Traían los moros muy buenos hortelanos y sobrados conocimientos de horticultura y regadíos, del Yemen del Sur, que era un vergel hasta que se rompió la presa que irrigaba sus campos (y ellos, torpes, no supieron repararla). Mejoradas por el regadío, las vegas del Guadalquivir, del Ebro y de los ríos levantinos aumentaron su producción. Los árabes mejoraron el bosque nacional aportando variedades desconocidas de algunas especies ya existentes. A ello hay que sumar la aclimatación de nuevas especies orientales: palmeras del Sahara; almendros del sudoeste asiático; el castaño del mar Negro y Turquía; higueras de Berbería; el melocotonero llegado de China a través de Irán; el albaricoque, el granado… La naranja amarga llegó en el siglo X; el limonero originario de Persia, en el XII; la lima, en el XIII; la naranja valenciana, en el XV, hoy desbancada por la naranja guachi (de guachintona o washingtona) que entró en los años cincuenta del siglo XX. Hasta entonces habíamos comido la primigenia naranja china traída por los moros, pequeña y rica en semillas.
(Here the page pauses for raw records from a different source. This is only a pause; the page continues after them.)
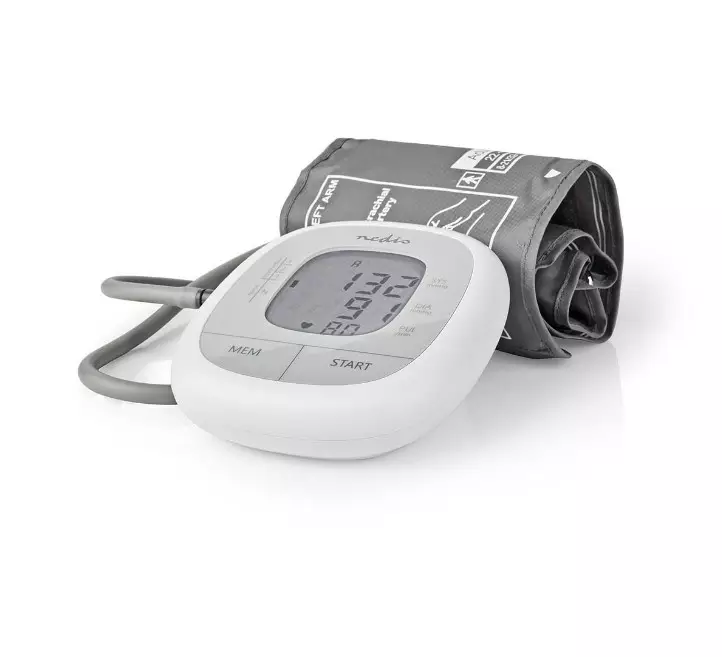 Tarkkaile verenpainettasi helposti täysin automaattisen Nedis-verenpainemittarin avulla. Tässä kliinisesti testatussa verenpainemittarissa on erittäin suuri näyttö, josta verenpaineen ja sykkeen lukeminen on helppoa. Mittausarvot luokitellaan väriasteikolla Maailman terveysjärjestö WHO:n ohjeiden mukaisesti. Lisäksi verenpainemittarissa on rytmihäiriön ilmaisin. Verenpainemittarissa on 2x60 muistipaikkaa, ja sen mukana toimitetaan mansetti, jonka ympärysmitta on 22–42 cm.
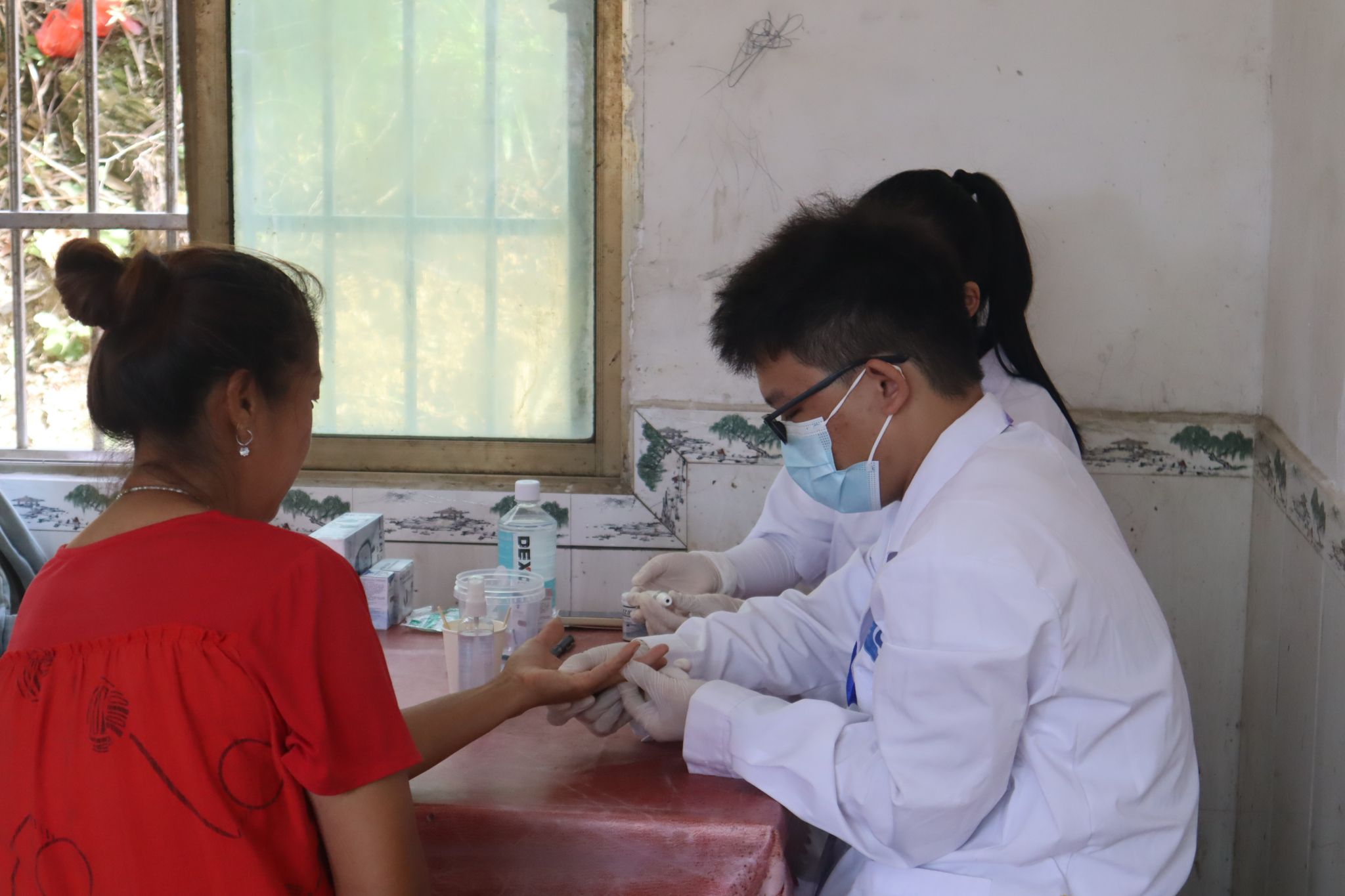 志愿者们提前到达嘉达村进行场地布置和仪器准备,等待村民们前来。此次义诊面向嘉达村全体村民,无偿为其测量血压、血糖、视力及身高体重,提供推拿服务和健康咨询。活动过程中,志愿者们耐心地与村民们沟通,询问村民们的身体情况,结合实际测量结果有针对性地向他们提出一些建议,以帮助他们改善自身的健康状况。此外,实践团成员们也真实地记录了测量结果,作为认识当地基层健康状况的重要数据。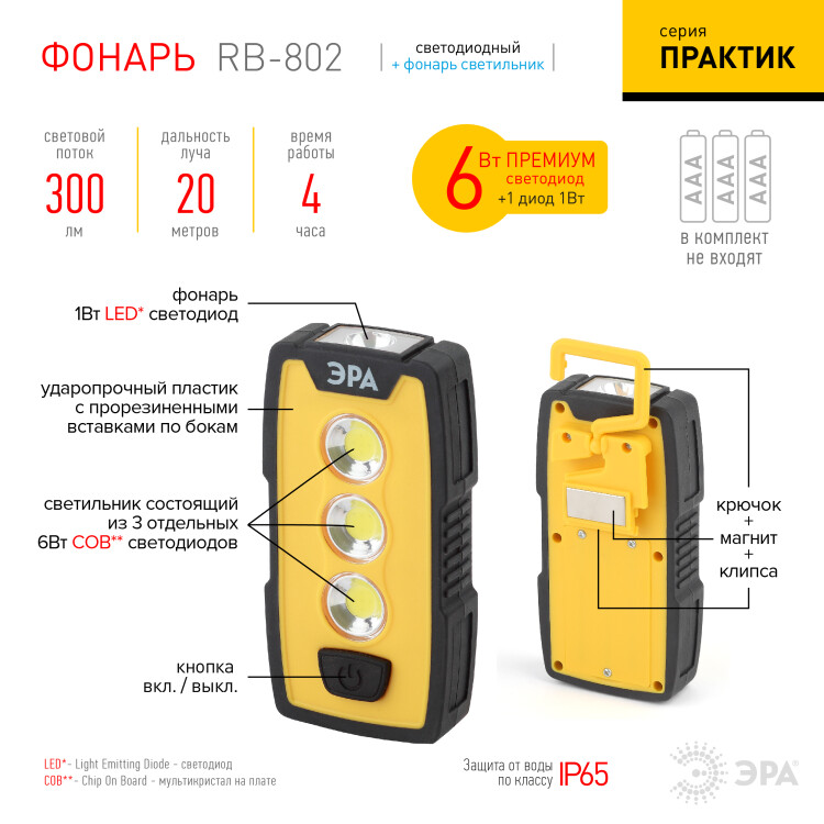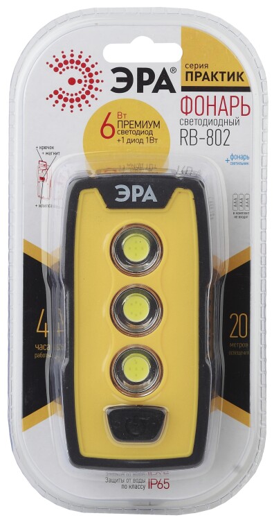 Светодиодный фонарь ЭРА Рабочие Практик RB-802 ручной на батарейках IP65 магнит с крючком и клипсой

También aclimataron plantas de uso industrial, como diversos árboles tintoreros o moreras, con cuyas hojas se alimentaba el gusano productor de la seda, una de las actividades artesanales más saneadas.
En su Tratado de agricultura el almeriense Ibn Luyun (1282-1349) enumera cinco hortalizas con flores (berenjena, calabaza, melón, cohombro y pepino) y otras cinco con raíces (ajos, cebollas, nabos, rábanos y zanahorias). Existen, además, siete verduras comestibles: lechuga, almuelle, bledo, espinaca, col, acelga y coliflor. Las plantas que sazonan los alimentos son: cilantro, arañuela, ajedrea, alcaravea, fenogreco (alhova), anís y comino. Entre las plantas que sirven de recreo cita la rosa, la azucena, el alhelí, los narcisos blanco y amarillo, las diversas clases de albahacas y manzanillas, el mastuerzo, la ruda, el ajenjo, las variadas especies de malvavisco, la adormidera, el cardo, la adelfa real, el toronjil, la mejorana, el sándalo, la hierbabuena, el maro, el cártamo, la sangre de dragón, la rubia, la alhoña y la matricaria. Ibn Luyun menciona también los sembrados de azafrán y caña de azúcar.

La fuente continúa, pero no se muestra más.